The appeal of both is to our intellectual laziness. It is being exacerbated by the information overload that is unavoidable in this age. We are overwhelmed by both theories and propaganda from official sources, and we are left to ourselves to decide which side we tend to believe. And with the endless amount of leads to follow, it is not only convenient but necessary to dismiss facts in bulk, to cling to a mindset, opinion, or group of authorities in order to avoid ambiguity and the pain of not knowing.
The answer to this problem is in letting go of a need to have a definite opinion. Between yes and no, we can add the option of “I don’t know.” Egoically, this is an unsatisfactory answer. But ego has never been our friend.

Just think of what a boon to our society it would be for people to say “I don’t know” when engaging in an argument. True, too often “I don’t know” has been followed up with “and I don’t care”. This is a third form of intellectual laziness, I suppose. But more often failing to engage in debate stems not from disinterest so much as the idea that a debate must have a winner. That’s where “I don’t know” comes in handy. “I don’t know” is you admitting you don’t have the answers, and therefore don’t feel the need to win an argument.

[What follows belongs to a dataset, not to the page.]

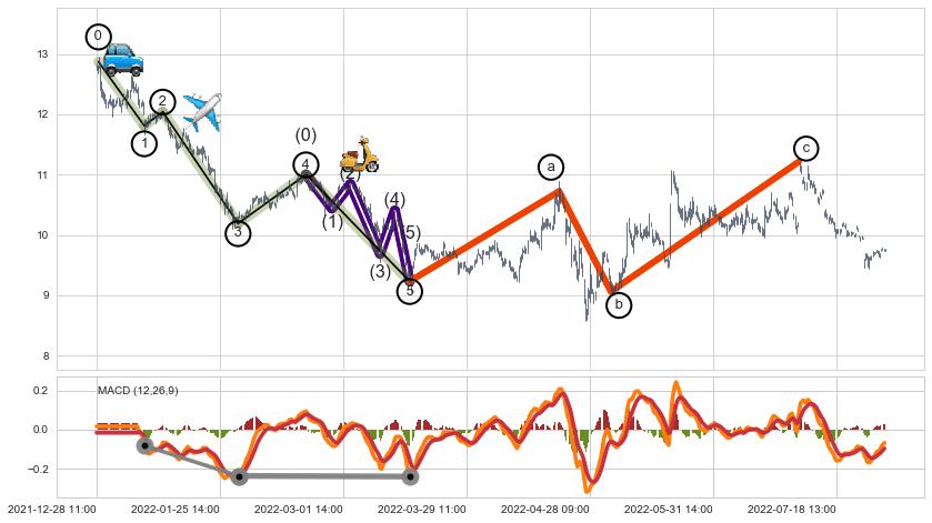 ➢ 波浪理论:猜想击穿突破c点后继续上涨 → 上涨 → 机会信号 → 小趋势跟踪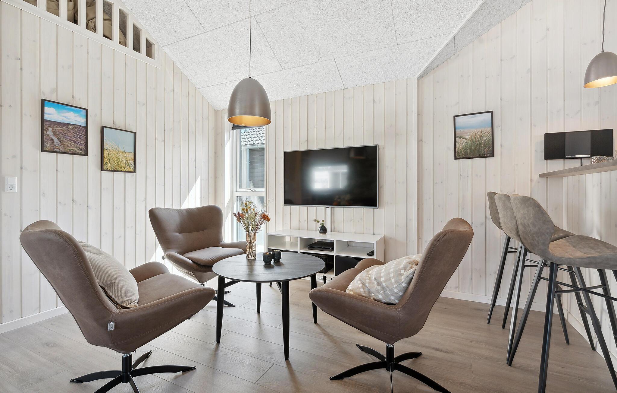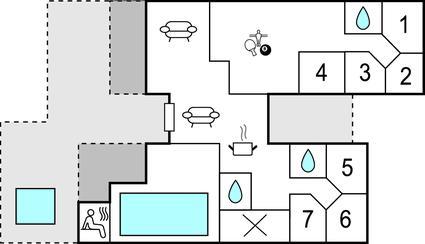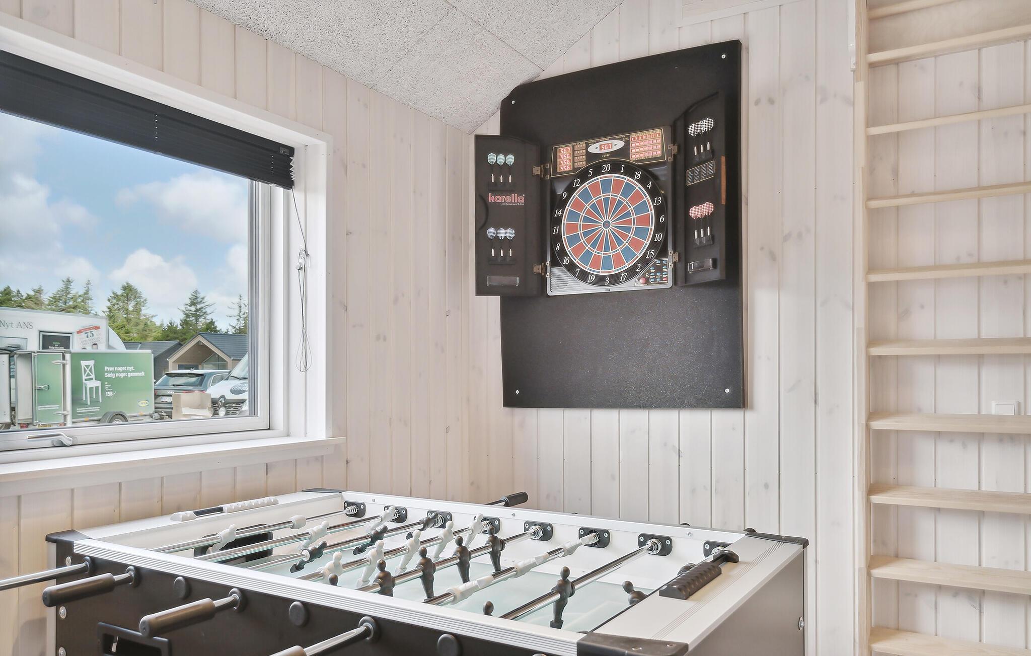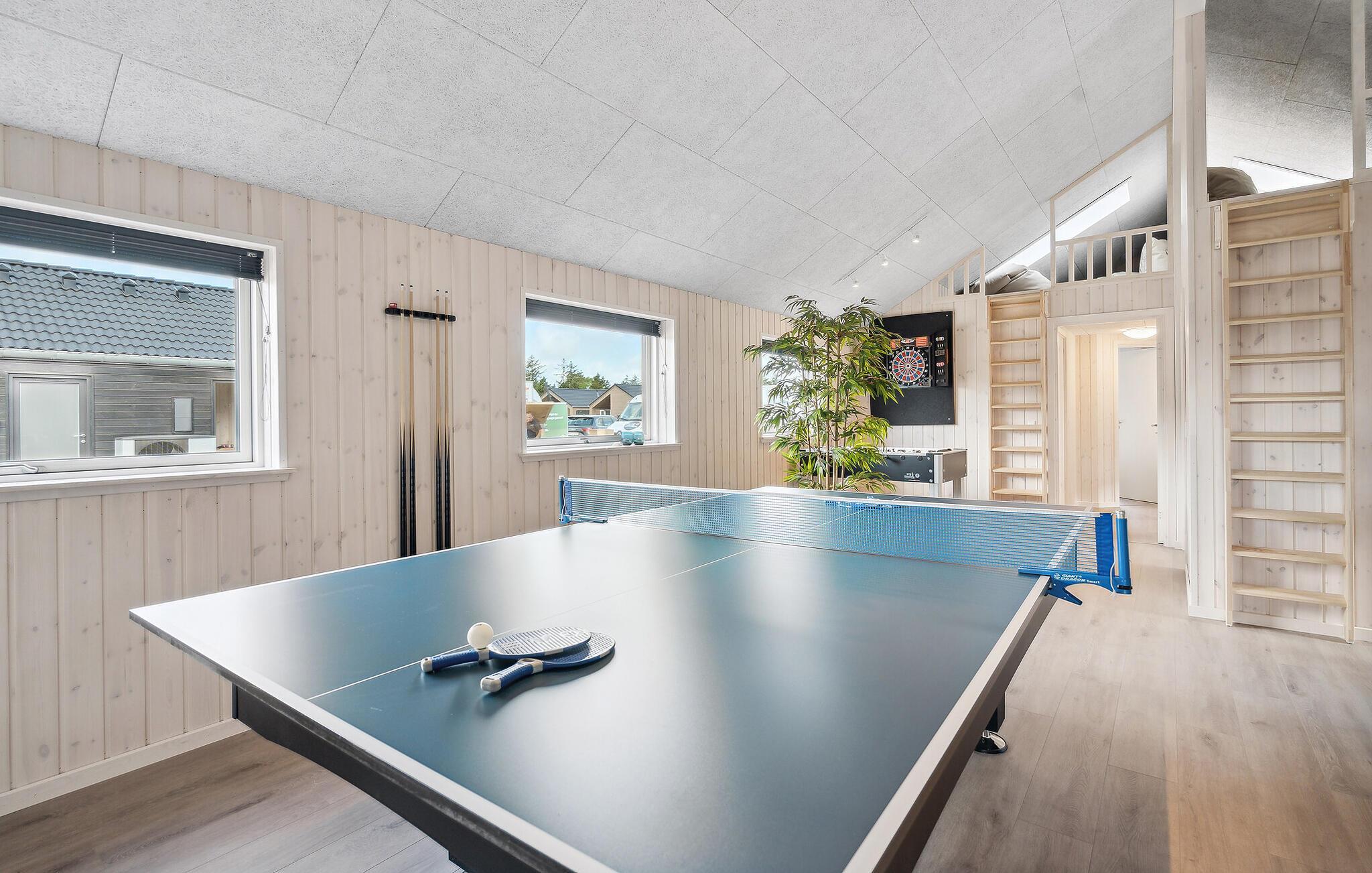 Der er lagt op til en herlig ferie for børn og voksne, som kan boltre sig frit i dette store, skønne feriehus. Huset har moderne, smagfulde indretningsløsninger og lækre faciliteter, så her kommer ingen til at mangle noget. Fyld dagene med hyggelige aktiviteter og afslappende pauser. Noget af det bedste ved huset er indendørspoolen, hvor børnene vil elske rutsjebanen og have det sjovt i timevis. Efter en lang gåtur på stranden kan I slappe af i jacuzzi, tage et varmt fodbad, gå i sauna - og der også er et koldtvandskar til dem, der trænger til et koldt gys. På de kølige dage kan I tænde op i brændeovnen og skrue op for varmen og hyggen i stuen.

People often say they don’t like social media because of all the arguments. That is precisely why I enjoy social media, so that I might argue with others, many of whom I do not know. It really is an unprecedented tool for communication and education. And despite the missteps many have taken in figuring out the unwritten rules of online communication, I truly believe humans are working their way towards understanding how communication with family/friends/strangers can work. We merely have to let go of rigid opinions in order to allow more facts to help us form a more sophisticated view of things.

In short, we should not hold rigid opinions so much as theories. Theories can be modified whenever new knowledge is introduced, whereas rigid opinions necessitate the molding of new knowledge to conform to biases. The braver course is always in laying out the information you possess and offering it to others. The smarter course is in listening to valid criticism and defending your position when it is legitimate, admitting flaws and incorporating new information when it is not. Not only will you convert more people to your position with this approach, you will make those around you more accepting of spirited debate. And I'm firmly convinced the world will be made better by the collective mind than by a few know-it-alls.

P.S. I'm pretty sure JFK was not killed by Oswald, Russian election interference is a laughable argument, and reptile aliens are NOT running our planet. I'd be pleased to have a friendly argument on the first two, not so much on the third.